Rifiuti elettronici, Ecolight: “Per migliorare la raccolta servono controlli più rigorosi”

Un sistema RAEE che nel nostro paese possa diventare più virtuoso attraverso controlli più rigorosi sui centri di raccolta e sulle filiere parallele; un maggiore rispetto delle regole e il coinvolgimento di tutti i produttori, solo così la raccolta dei rifiuti elettronici potrà fare un salto di qualità raggiungendo gli obiettivi europei e assicurando un trattamento corretto. E’ questo il percorso indicato dal presidente del Consorzio Ecolight, Walter Camarda, l’imprenditore varesino, all’indomani dell’assemblea generale.

Secondo Camarda, molto è stato fatto sia da Ecolight, sia da altri sistemi collettivi, ma si può fare di più per una vera economia circolare. Ma com’è stato per il consorzio l’anno 2017 in base al bilancio appena approvato? Secondo il presidente Camarda è stato un anno impegnativo, ma di svolta per Ecolight, poiché oltre a consolidare il suo ruolo nel panorama nazionale, si sono promosse nuove sfide come la creazione di un nuovo consorzio per la gestione dei rifiuti in polietilene, EcoPolietilene ed Ecolight Servizi dedicati ai servizi professionali.
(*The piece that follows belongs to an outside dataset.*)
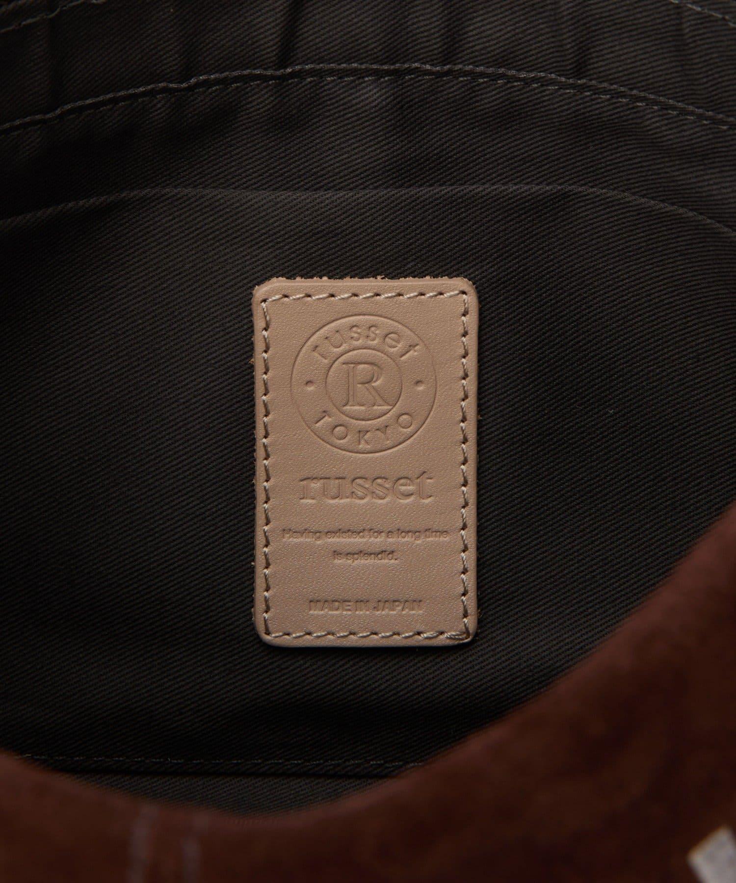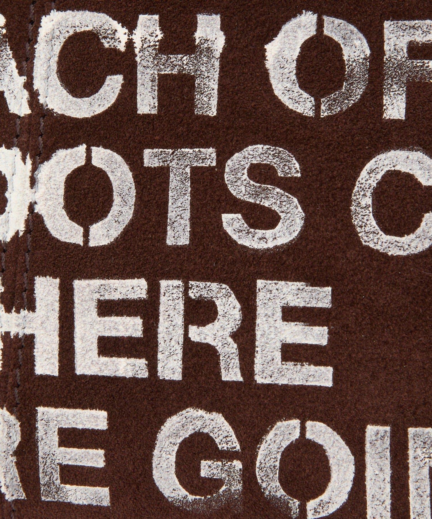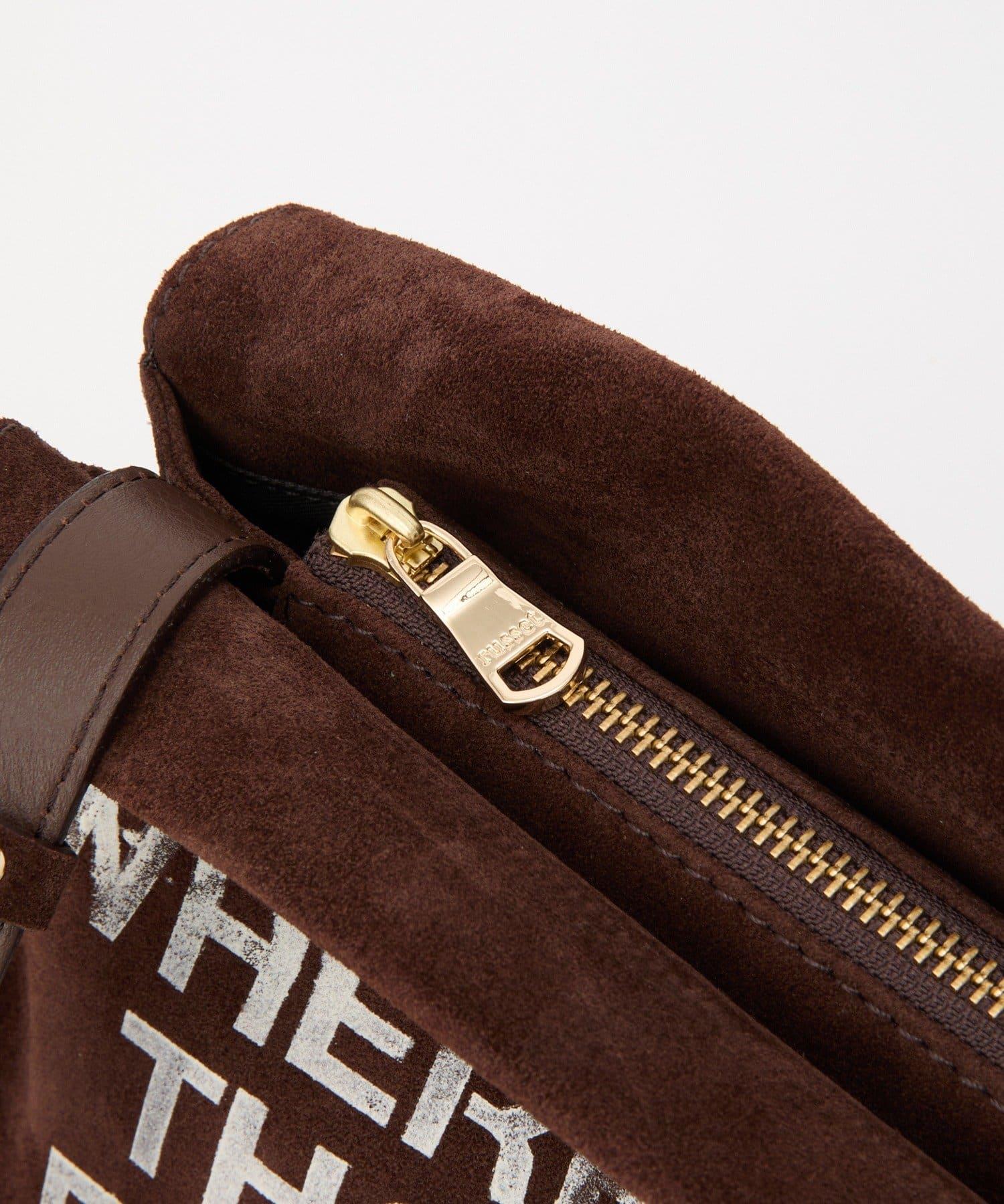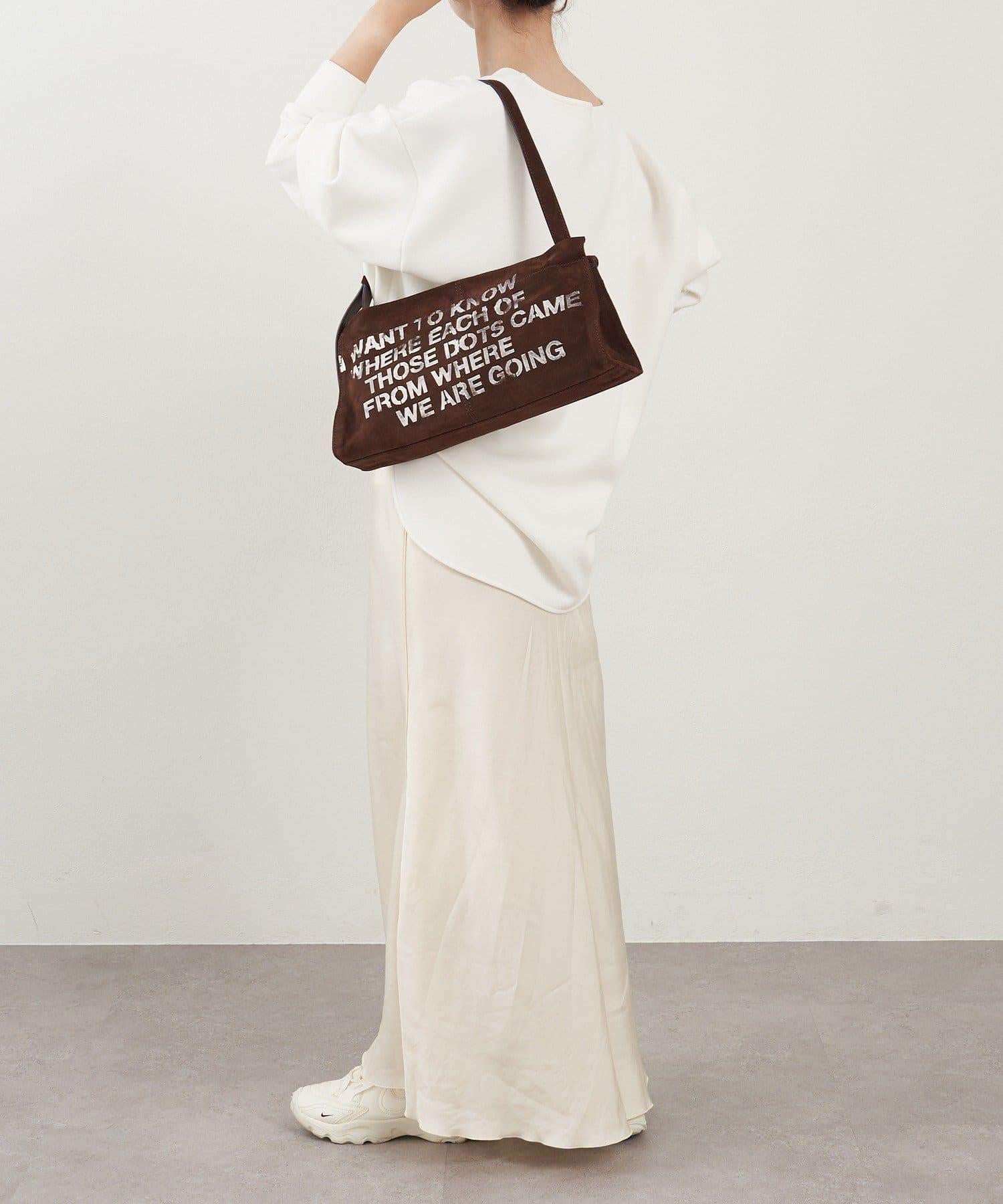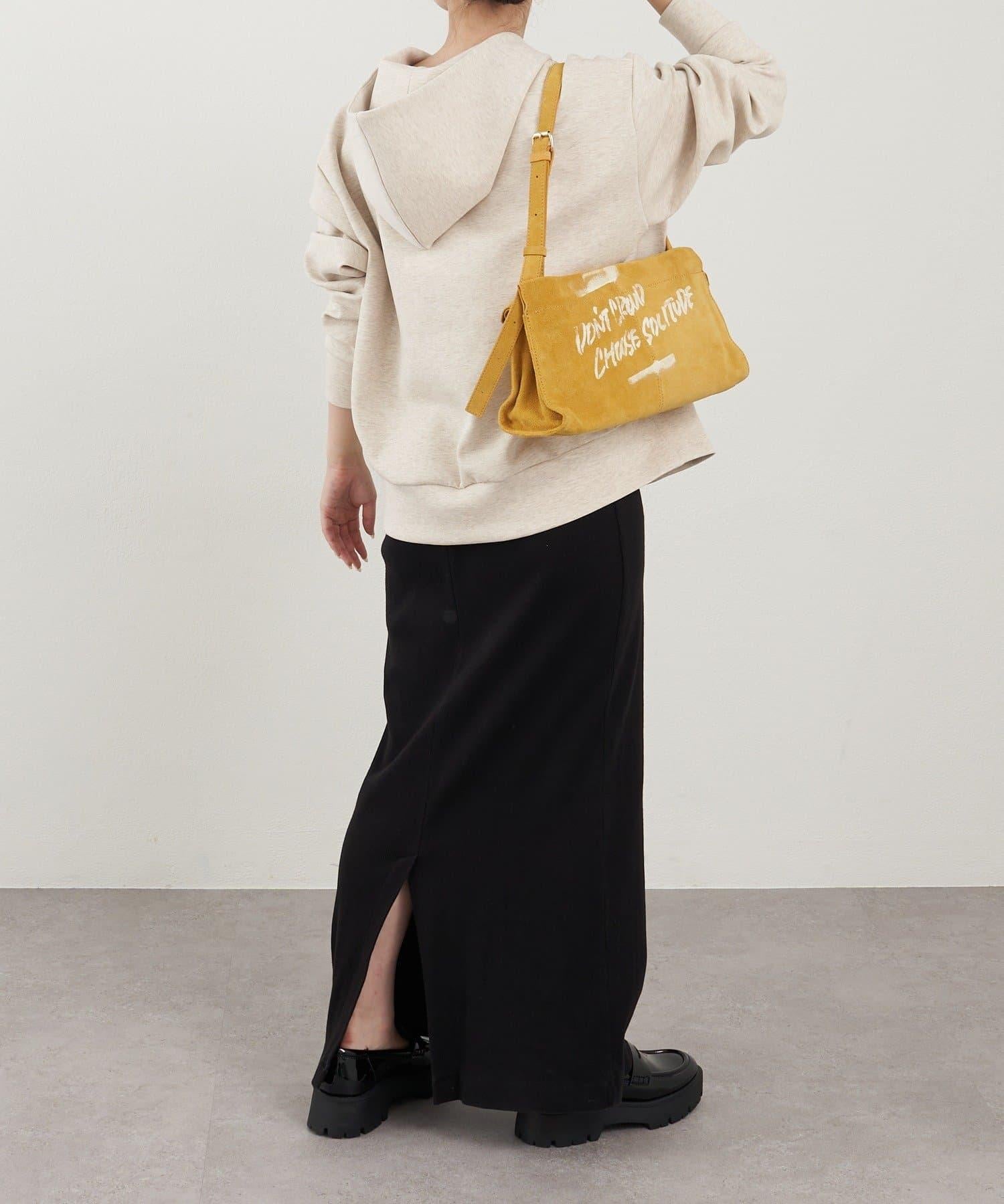 這款時尚單品採用溼潤的麂皮材質,並在簡潔的方形外形上採用了森谷勉的模板藝術。

Capitolo raggruppamento R4 (i piccoli elettrodomestici ed elettronica di consumo) cui appartiene oltre il 70% dei rifiuti gestiti, Ecolight ha supportato la distribuzione, con gli obblighi dell’Uno contro Uno e dell’Uno contro Zero ha gestito i rifiuti elettronici consegnati dai consumatori, servendo quasi 3.000 punti vendita. La raccolta RAEE è operativa in Italia dal 2008 , da quella data i risultati sono notevolmente migliorati, ma ancora nel 2017 non si sono raggiunti gli obiettivi europei.

Occorre maggiore impegno per quanto riguarda i controlli, il fenomeno della cannibalizzazione dei rifiuti portati alle isole ecologiche e ai centri di raccolta penalizza i sistemi collettivi e tutta la filiera del riciclo e ancora ci sono ampie zone grigie, dove prospera una gestione di questi rifiuti che non rispetta le regole.

In ultimo, secondo Camarda occorre incrementare la raccolta dei piccoli rifiuti elettronici,(R4) fornendo a tal fine strumenti adeguati alla Distribuzione. Il sistema RAEE può contribuire all’Economia circolare, ma come? Secondo quanto spiega ancora il presidente Camarda: “All’interno di un quadro complessivo che spinge sul recupero e sul riuso, Ecolight ha fatto e fa la propria parte. Ricordo il progetto europeo che abbiamo sviluppato e che ha portato all’introduzione di strumenti innovativi per la raccolta dei rifiuti elettronici di piccole dimensioni. È di poche settimane fa invece il progetto che abbiamo avviato insieme con l’Università di Brescia e Stena Technoworld per migliorare il recupero della plastica contenuta nei RAEE. Si tratta di una quota significativa dalla quale, ne siamo convinti, si potrebbe ricavare importanti quantitativi di materie prime seconde.

Sul tema dell’adeguato trattamento dei rifiuti elettronici, Ecolight ha aderito volontariamente al protocollo che punta, con la collaborazione degli impianti partner, a migliorare i livelli di recupero; siamo in attesa però del Decreto che possa regolamentare ufficialmente tutti i passaggi e diventare quindi norma da rispettare”.